We cut back to the apartment, where the earlier fight picks up again. And then, we have what is probably the most important line in all of FRIENDS-dom, as far as this podcast is concerned:
“You give me back my sweater, or it’s Handbag Marinara!”
Monica does not stop, and by the end of the episode, both a handbag and a third-date sweater are toast. Luckily, thanks to Phoebe, a friendship is salvaged.
LOOKS LIKE WE MADE IT
Oh yeah.
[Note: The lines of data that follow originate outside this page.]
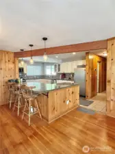 Omak - Private Road/Dead End Street - Almost 1 acre! 5 Bed/1.75 Bath Beautiful craftsman home w/cascading stairway to front door & exterior deck. Knotty pine details throughout entire home. Main level incls oversized living room w/wood burning fireplace & brick accent wall, cabinets w/passthrough wood box for easy access! Kitchen w/huge island - upper & lower cabinets & laundry/utility room w/exterior exit to side covered patio. Primary bedroom & three-quarter remodeled bathroom. Additional room w/separate entryway. Upper level incls 3 additional bedrooms & full bathroom.Downstairs has additional finished living room & wet bar. Huge storage room & canning room. Attached one car garage. Heat pump. City utilities. $420,000. H-3723/MLS2441032.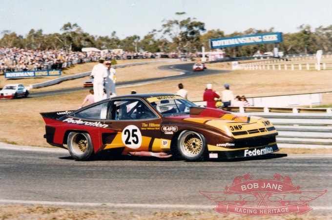 Drag race here between Allan Moffats RS3100 Capri, and Bob Janes V8 Repco Torana. Moffats Capri was one of the works 1974 ETCC quad-cam V6 cars. Moffat raced it in 1975 and 1976. 1976 was the first year CAMS held an Australian championship for the Sports Sedan category, and Moffat used this car, along with the DeKon Chevy Monza pictured above, to win the championship. This car is now owned by Gordon Burr in New Zealand, and is raced a couple of times a year quite enthusiastically.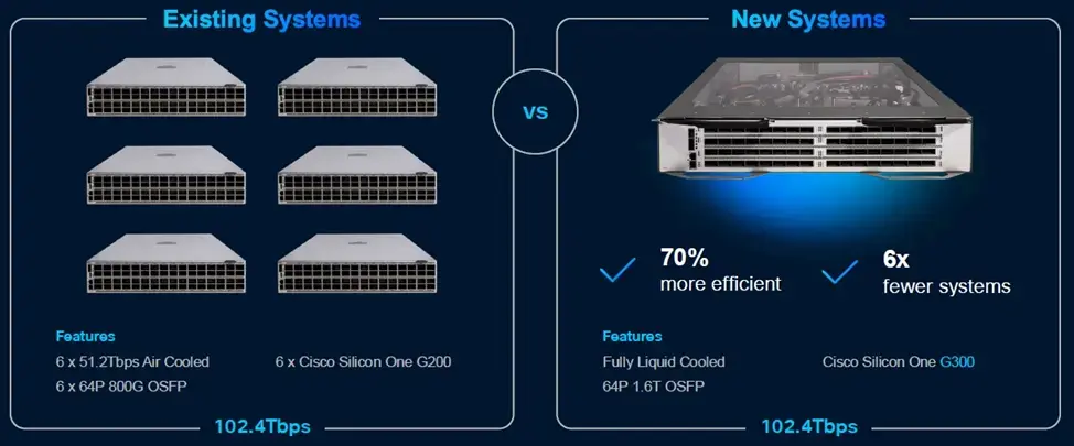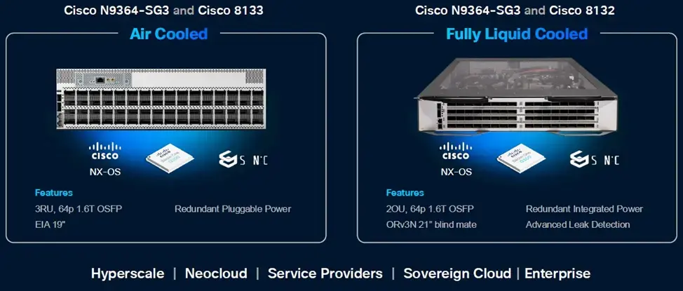 Cisco размещает G300 в нескольких устройствах. Для устройств с воздушным охлаждением G300 используется в Nexus N9364-SG3 под управлением собственной ОС NX-OS компании и в Cisco 8133 под управлением открытой сетевой ОС SONiC.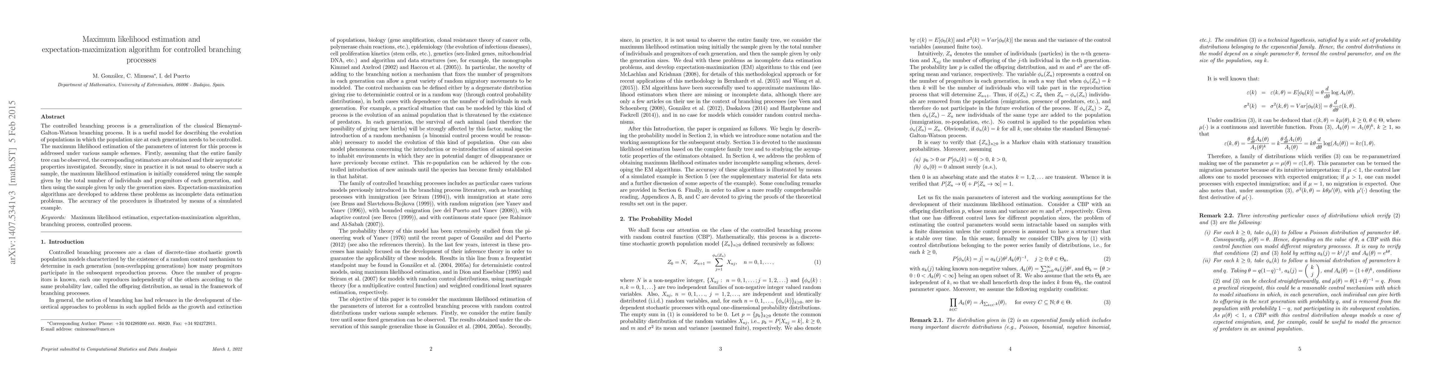 This paper investigates maximum likelihood estimation for controlled branching processes, developing estimators under various sample schemes. It employs Expectation-Maximization algorithms for incomplete data scenarios and demonstrates the accuracy of the proposed methods through a simulated example.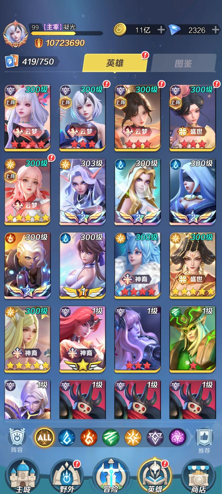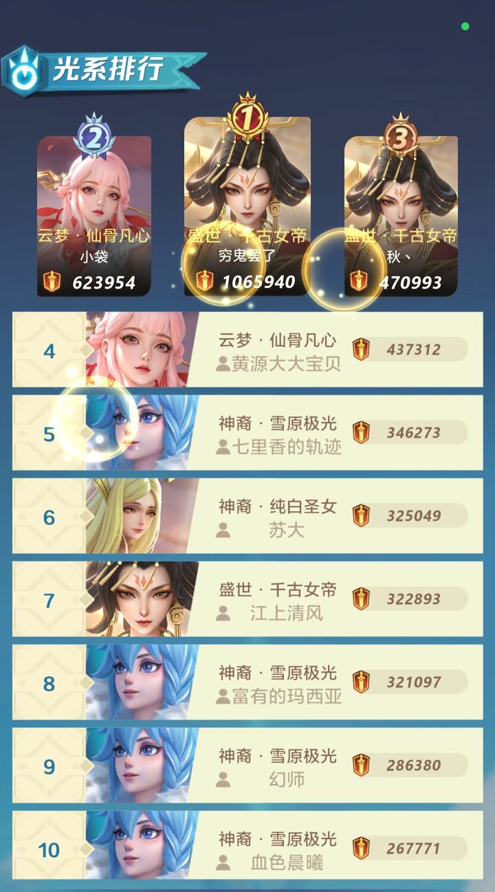 等送的白蛇到手刚好5云梦后面女娲白漂也能10星至此5云梦也算毕业了,看后面每周各种2万8钻石的返厂战灵,魔典,宠物,以及花原石捞特惠商店材料活动,往后就是养老摆烂了(反正5个云梦我是养不起如果女娲心愿返厂几次还能12,木兰进了圣殿也能12后续都会进但是感觉养不起。还不如就养个女娲孟婆摆烂得了。)总结花时间啥都有。攒钻石拿硬件,有硬件谁都能带。英雄都是随缘反正淘汰快。快餐游戏能耍一年是一年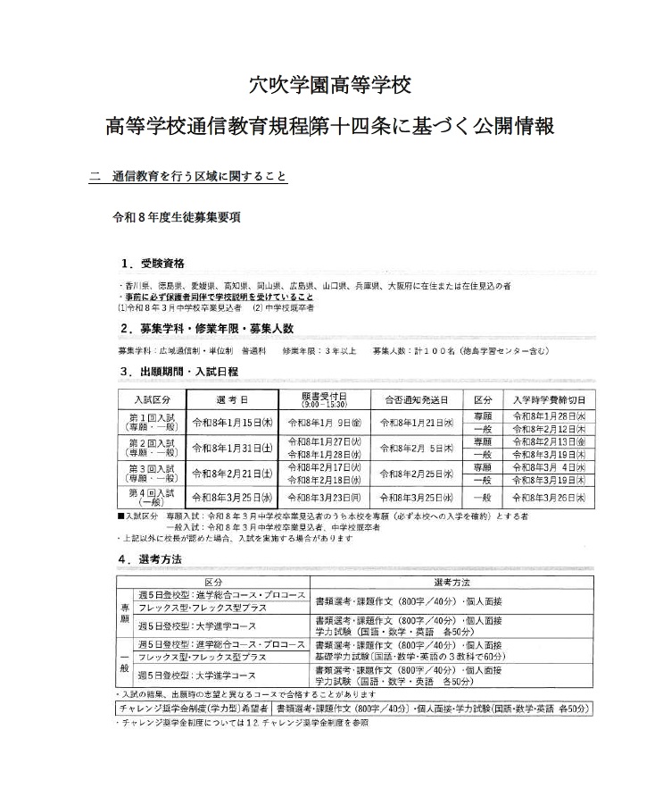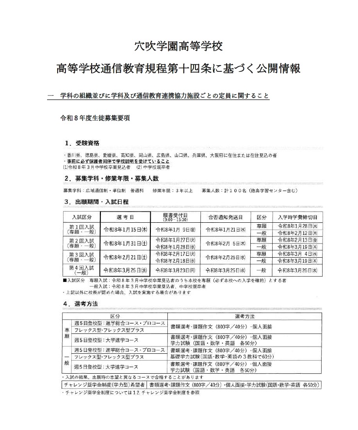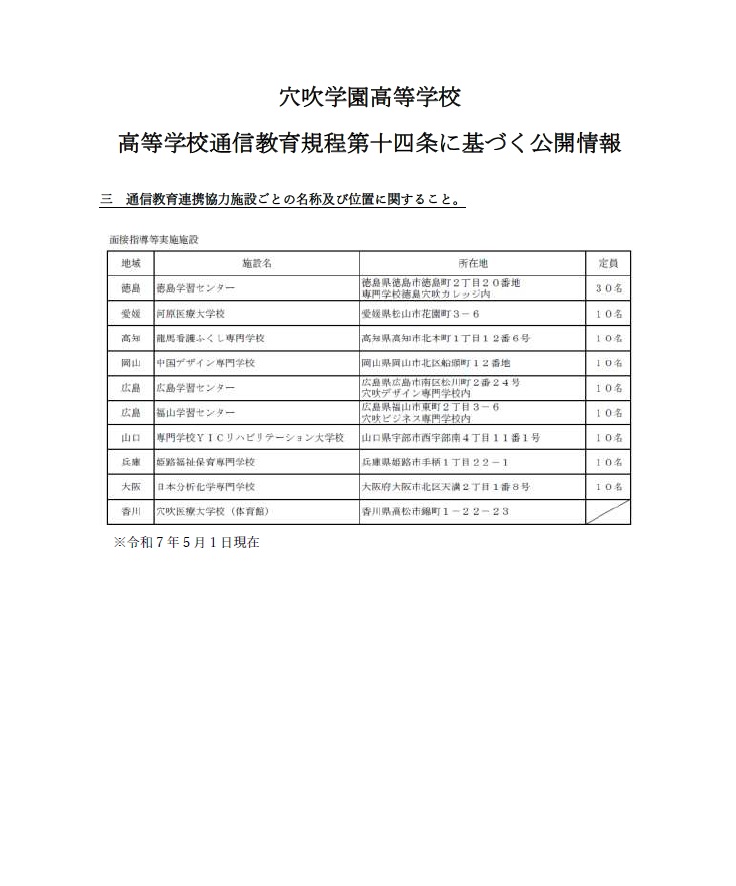 高等学校通信教育規程第十四条に基づく公開情報

We didn’t really talk about it, but Ross hangs out with Marcel for a little bit. :)
Ross is eating ice cream — this is a running Monica’s Corner item, given that he memorably says in Season 7’s Thanksgiving episode, TOW Chandler Doesn’t Like Dogs, that “It’s too cold!” Also, who would be selling ice cream cones on the street in NYC in January?
NOT ON NETFLIX
Goodbye scene with Jean-Claude Van Damme — He tells them that it’s too bad things didn’t work out and that “Drew was very disappointed.” And then the girls try to outdo each other’s kisses goodbye kisses to Jean-Claude, so he suggests a threesome. They very quickly turn him down, despite his proclamation that “I can crush a walnut with my butt.” “Maybe if I were baking,” Monica says with a smile.